想饿死我们**家的独苗?”我怀里的安安抖了一下,小声说:“妈妈,我怕。

”我轻轻拍着她的背,目光从江卫东那张因为病痛而蜡黄的脸上,缓缓移到白月身上。

她叫白月,当年是我们厂里广播站的播音员,声音甜,人也长得清秀,

是不少年轻小伙的梦中情人,也是江卫东没追上的“白月光”。后来她嫁了个据说是干部的,

去了省城,怎么现在……白月被我看得有些不自在,她抱着儿子,

怯生生地往江卫东身后缩了缩,露出一个楚楚可怜的表情。“晚秋姐,

我知道这事……让你为难了。可我和卫东是真心相爱的,

孩子也是无辜的……卫东他……他时间不多了,只想给孩子一个名分,一个家。

”她说话细声细气,眼圈一红,眼泪就像断了线的珠子,要掉不掉的。好一朵娇弱的白莲花。
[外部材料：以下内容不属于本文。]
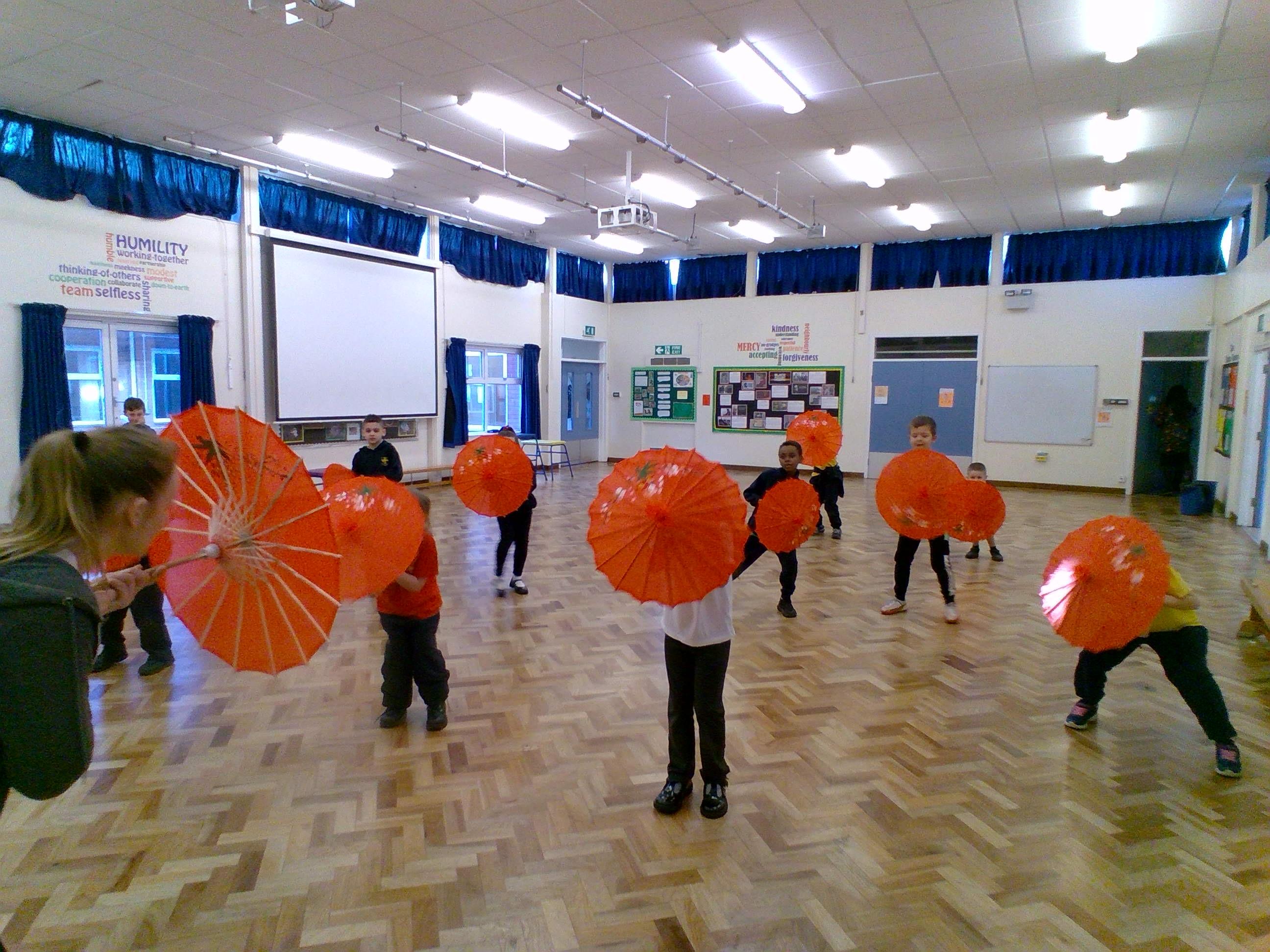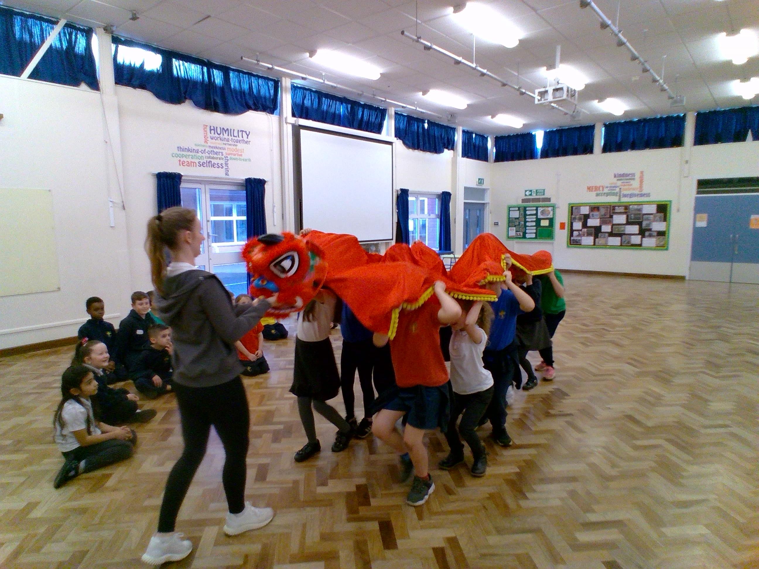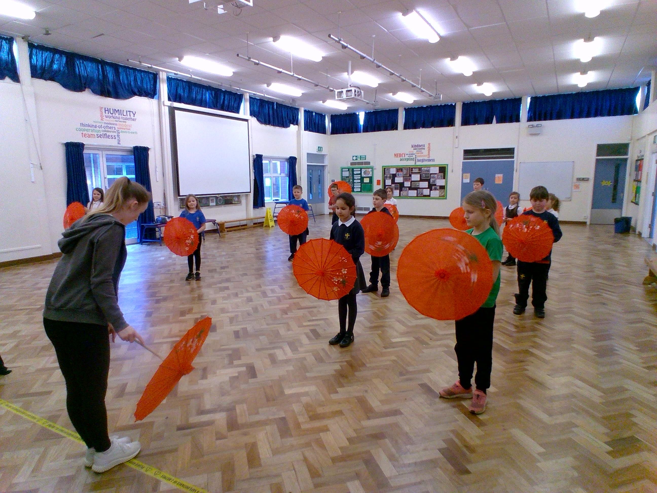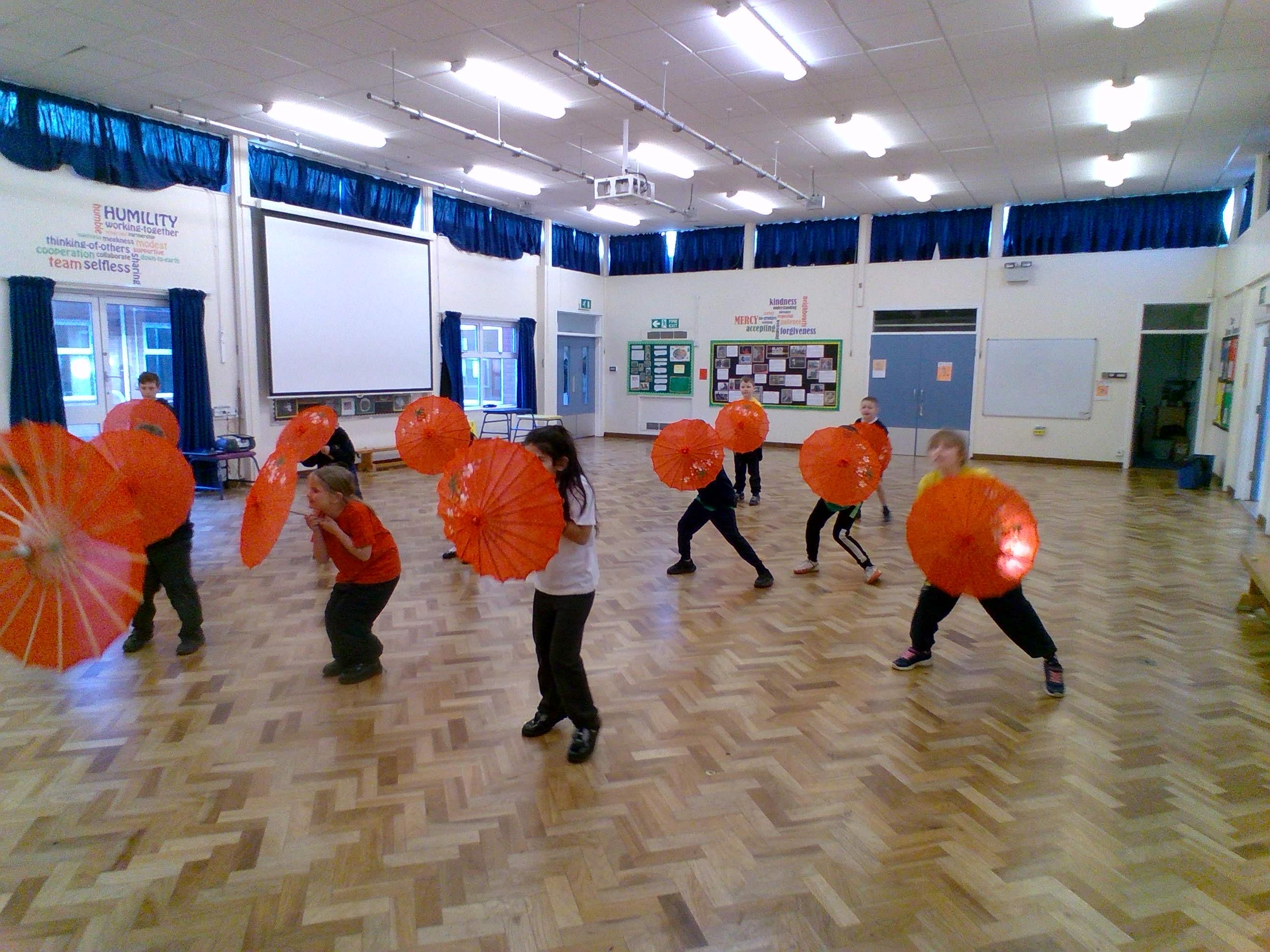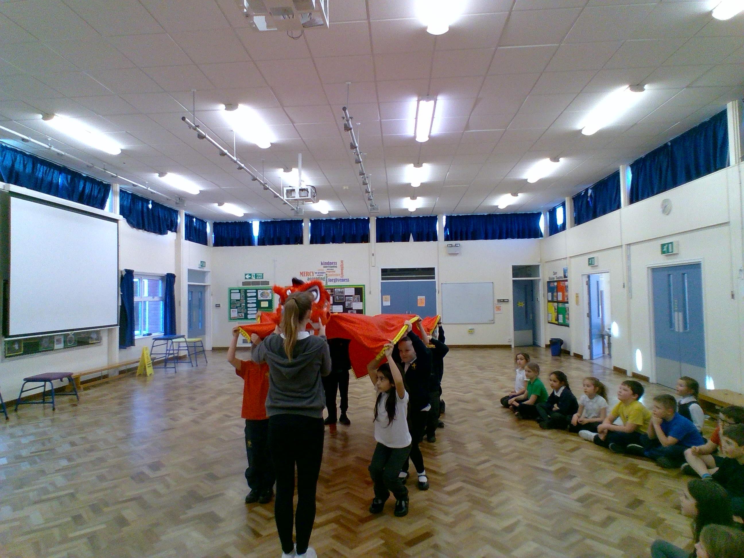 Today we had a fantastic time taking part in a Chinese New Year dance workshop. We learnt how to use parasols and even danced with a dragon! We had lots of fun and have enjoyed our time learning all about Chinese New Year!

“真心相爱?”我终于开了口,声音平静得连自己都有些意外,“真心相爱,

爱到给我老公生了个私生子?真心相爱,爱到在他老婆家里登堂入室?”我每说一句,

白月的脸色就白一分。江卫东看不下去了,他往前一步,挡在白月身前:“沈晚秋!

你少在这里阴阳怪气!我快死了,满足我最后一个愿望怎么了?你这个女人怎么这么恶毒!

”“恶毒?”我笑了,“江卫东,结婚六年,你扪心自问,我对你,对这个家,哪里不好?

安安出生后,你说怕吵,我们分房睡。这一分,就是五年。我一个人拉扯孩子,伺候你妈,

我在纺织车间三班倒,累得骨头都要散架的时候,你在哪?”“你在跟你的‘真心相爱’,

制造你‘无辜的孩子’!”这番话我说得不快,但每个字都像钉子,钉在江卫东的脸上。

他的脸色从蜡黄涨成了猪肝色,半天说不出一句话。“你……你个不下蛋的母鸡,

你还有脸说!”婆婆张桂芬又跳了出来,“你自己肚子不争气,生不出儿子,

还不许我儿子在外面想办法吗?现在我大孙子回来了,这个家,你说了就不算了!”她说着,

就想来抢我怀里的安安。“滚开!”我抱着女儿猛地站起身,厉声喝道。

大概是我从未有过的强硬态度把她镇住了,张桂芬竟然一时愣在原地。

江卫东剧烈地咳嗽起来,扶着墙,喘着粗气说:“沈晚秋,别闹了,没意思。

我已经找了我们厂的法律顾问王律师,明天就过来立遗嘱。”他顿了顿,

似乎是想让我消化一下这个消息,然后投下了一个关键信息。“我决定,我名下的所有财产,

包括这套房子,我所有的存款,都留给白月和我们的儿子,江念祖。”江念祖?纪念祖宗?

真是好名字。他话音刚落,我婆婆和公公的脸上,露出了毫不掩饰的喜悦。白月也低下头,

嘴角微微上扬。他们都以为,我会崩溃,会哭闹,会为了这点家产跟他们争执不休。毕竟,

在这个年代,一个被丈夫抛弃、没了房子和钱的女人,下场会有多凄惨,所有人都心知肚明。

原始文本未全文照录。